Gammy called us all to a halt every few feet to listen for rattlesnakes. She had us whipped into a state where the rattle of a leaf would turn us white and sweaty and send us scurrying home to the safety of the cabin. Gammy impressed us with all of the dangers of outdoor living. She warned us against eagles, hawks, bees, flies—horseflies which bit—mosquitoes and gnats which might attack from the air; ticks, snakes, leeches, and bugs which might spring snarling from the ground; and she had us convinced that the trees along the edge of the clearing where our cabins were, were like the bars of the cages at the zoo and just behind them prowled hundreds of timber wolves, grizzly bears and mountain lions fighting for a chance to eat us.

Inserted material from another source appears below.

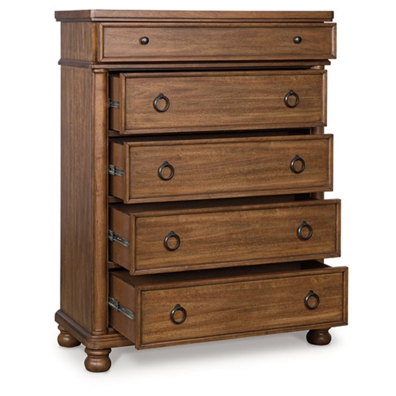 Taking a laid-back approach to casual traditional design, this artfully crafted chest of drawers combines classic elements with a clean modern approach. Its rich medium brown wood tone exudes a comfy, timeless appeal that's sure to carry you away to a drea

From the summers we spent with Mother and Daddy camping in tents, we returned to town brown and healthy, but from the summers spent with Gammy, we came back as jumpy as fleas and pale and scraggly from the hours of lying on feather pillows under the beds praying during the thunderstorms and the days crowded in the close cabins out of the reach of groping fangs. We, of course, never told brave, fearless Mother and Daddy about Gammy and the dangers of outdoor life, and they probably wondered why they, so strong and daring, should have produced this group of high-tensioned rabbits.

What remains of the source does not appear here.